■ Activity
Print the entries verbatim, leaving out the images they contain.

++++++++

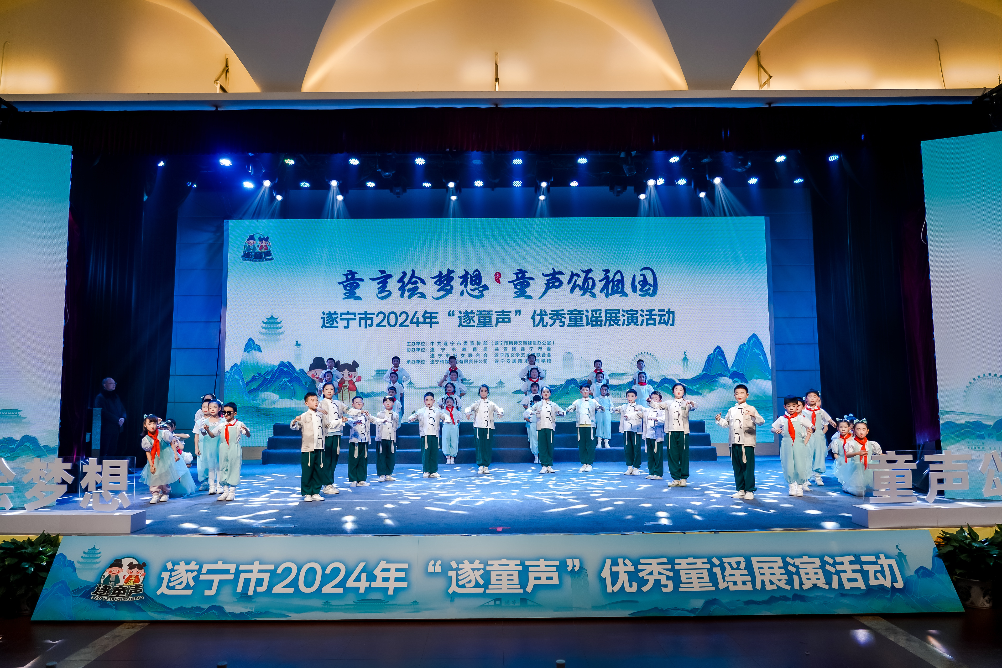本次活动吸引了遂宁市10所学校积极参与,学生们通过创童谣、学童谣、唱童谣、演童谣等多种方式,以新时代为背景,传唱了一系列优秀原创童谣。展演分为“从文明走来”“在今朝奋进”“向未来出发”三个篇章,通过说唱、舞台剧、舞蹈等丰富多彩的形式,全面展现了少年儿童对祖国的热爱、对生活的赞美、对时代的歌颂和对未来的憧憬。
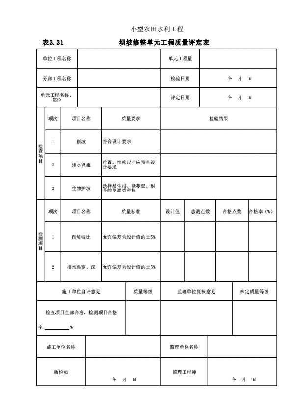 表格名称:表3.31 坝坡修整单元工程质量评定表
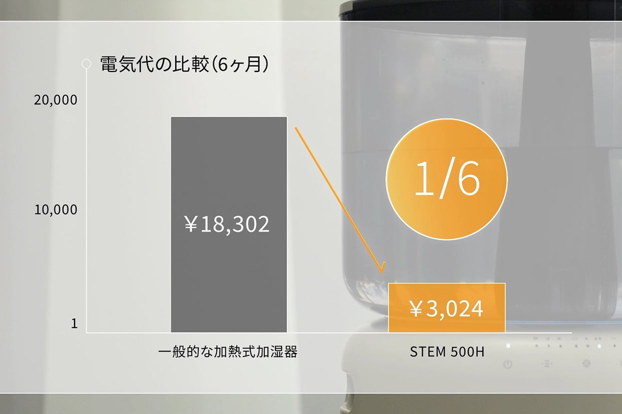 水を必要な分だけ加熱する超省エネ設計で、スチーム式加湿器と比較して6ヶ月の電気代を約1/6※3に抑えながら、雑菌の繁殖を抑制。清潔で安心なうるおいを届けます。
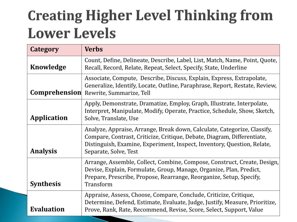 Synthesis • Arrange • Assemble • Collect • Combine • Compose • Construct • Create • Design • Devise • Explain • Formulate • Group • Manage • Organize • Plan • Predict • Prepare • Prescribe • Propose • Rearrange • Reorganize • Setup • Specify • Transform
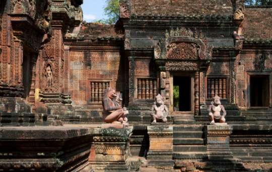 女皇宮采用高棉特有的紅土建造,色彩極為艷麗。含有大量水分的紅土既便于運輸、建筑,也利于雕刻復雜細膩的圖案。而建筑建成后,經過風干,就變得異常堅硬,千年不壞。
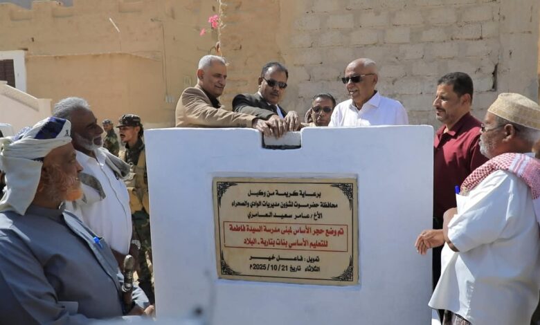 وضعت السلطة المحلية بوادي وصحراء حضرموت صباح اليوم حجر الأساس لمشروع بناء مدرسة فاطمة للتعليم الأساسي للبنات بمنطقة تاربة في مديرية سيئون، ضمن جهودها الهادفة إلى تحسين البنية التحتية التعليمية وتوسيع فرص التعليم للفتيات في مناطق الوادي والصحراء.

++++++++

■ Answer to the exercise
本次活动吸引了遂宁市10所学校积极参与,学生们通过创童谣、学童谣、唱童谣、演童谣等多种方式,以新时代为背景,传唱了一系列优秀原创童谣。展演分为“从文明走来”“在今朝奋进”“向未来出发”三个篇章,通过说唱、舞台剧、舞蹈等丰富多彩的形式,全面展现了少年儿童对祖国的热爱、对生活的赞美、对时代的歌颂和对未来的憧憬。
 表格名称:表3.31 坝坡修整单元工程质量评定表
 水を必要な分だけ加熱する超省エネ設計で、スチーム式加湿器と比較して6ヶ月の電気代を約1/6※3に抑えながら、雑菌の繁殖を抑制。清潔で安心なうるおいを届けます。
 Synthesis • Arrange • Assemble • Collect • Combine • Compose • Construct • Create • Design • Devise • Explain • Formulate • Group • Manage • Organize • Plan • Predict • Prepare • Prescribe • Propose • Rearrange • Reorganize • Setup • Specify • Transform
 女皇宮采用高棉特有的紅土建造,色彩極為艷麗。含有大量水分的紅土既便于運輸、建筑,也利于雕刻復雜細膩的圖案。而建筑建成后,經過風干,就變得異常堅硬,千年不壞。
 وضعت السلطة المحلية بوادي وصحراء حضرموت صباح اليوم حجر الأساس لمشروع بناء مدرسة فاطمة للتعليم الأساسي للبنات بمنطقة تاربة في مديرية سيئون، ضمن جهودها الهادفة إلى تحسين البنية التحتية التعليمية وتوسيع فرص التعليم للفتيات في مناطق الوادي والصحراء.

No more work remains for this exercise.